# Erroe code P1296 "cooling system malfunction"



## mamixon (Feb 19, 2004)

*Help!! Error code P1296 "cooling system malfunction"*

Had my check engine light come on and off for a couple of days, now it is on all the time. I took it to a respected local shop and they came up with the P1296 error code, the reaserch that i have done tells me that it relates to a cooling system malfunction. I was wondring if you anybody knows how i can fix this without going to the dealer, have not had good experience's with the factory repair shop. Also came back with a code that says my coolant temp value is high, but my temp gauge never goes past 190 and i am not losing any coolant that i can find, no drips on garage floor. any help would be great!! 2002 golf 2.0L 33,300 miles. the only mods that i have done are a neuspeed p-flow, and put on a magnaflow.

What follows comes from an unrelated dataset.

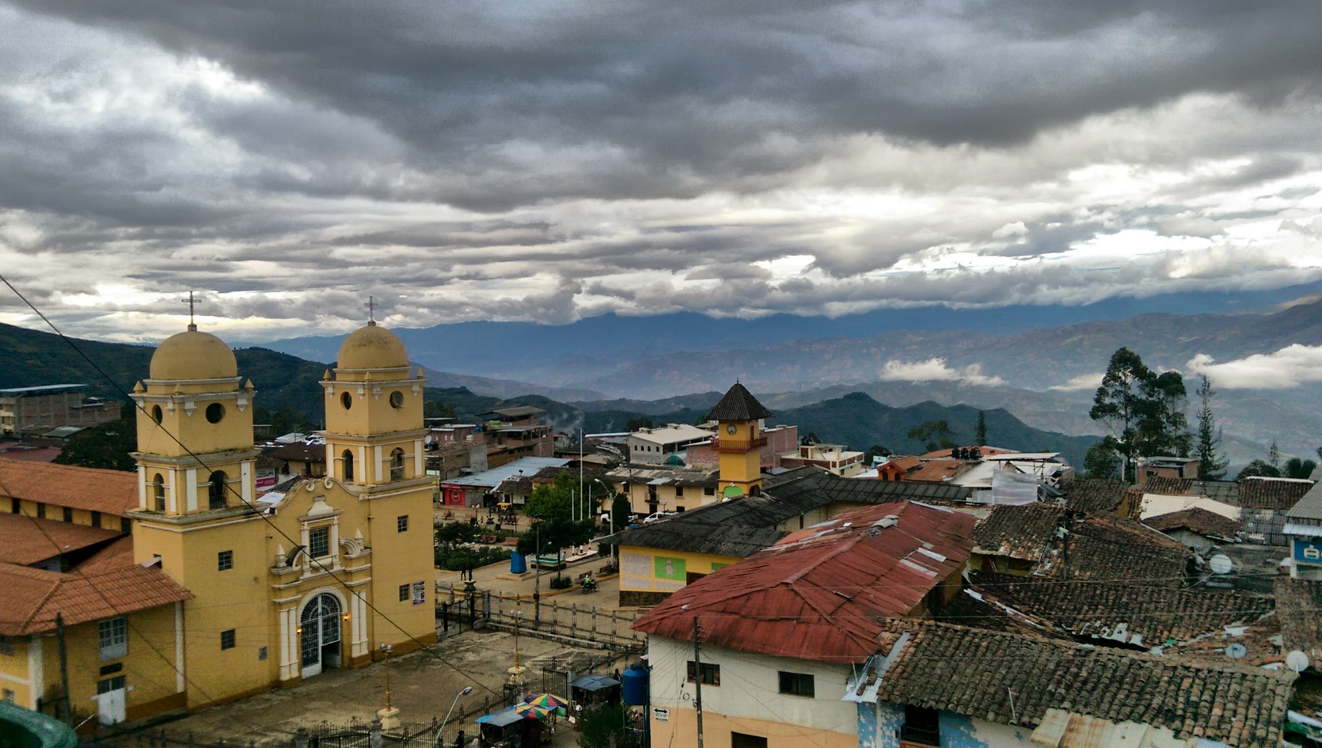 A view on the church and main place (Plaza de La Paz) of the town of Ayabaca in the Department of Piura in Peru.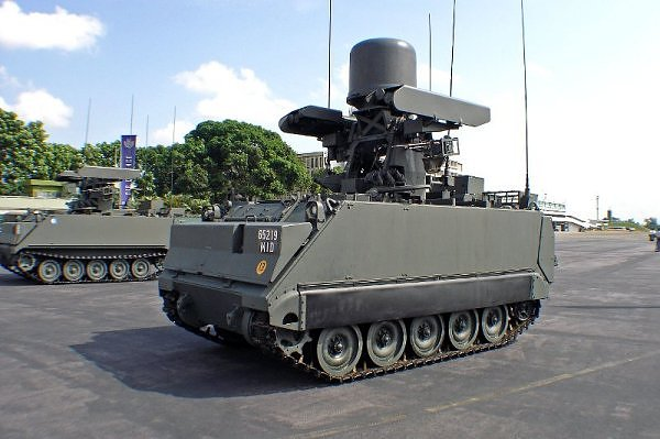 M-113A2 Ultra Mechanised Igla IFU (Integrated Fire Unit). Note the fire-control radar.

_Modified by mamixon at 1:53 AM 2-20-2004_


----------



## 97 Golf SC (Nov 14, 2001)

*Re: Erroe code P1296 "cooling system malfunction" (mamixon)*

your car has several coolant temp guages. One is for your temperature guage on your dash, and a second is for the ECU to know the coolant temp. Both are physically different sensors. I am guessing that since your guage is working, then the second sensor is bad. Which is throwing your P1296 code. and your coolant temp value too high. 
So all in all I think it is the temp sensor for your ecu. Not a major problem and any service shop should be able to do. Heck you can probably do it since they are held in with little clips.


----------



## mamixon (Feb 19, 2004)

Thanks for the help!, now that you have me interested in doing it myself can you tell me where the second sensor is located?


----------



## veedubtek (Feb 1, 2003)

*Re: (mamixon)*

Your still under warranty, why not get it replaced free?
In any case, it's a snap job. You have the old style sensor still, which is terrible and fails all the time. It is a black sensor with 4 pins, located in the plastic flange on the side of the head. Buy the new sensor at the dealer (4 pin green) and o-ring seal for less than $5. Replace while the engine is cold and you won't lose much coolant if any.


----------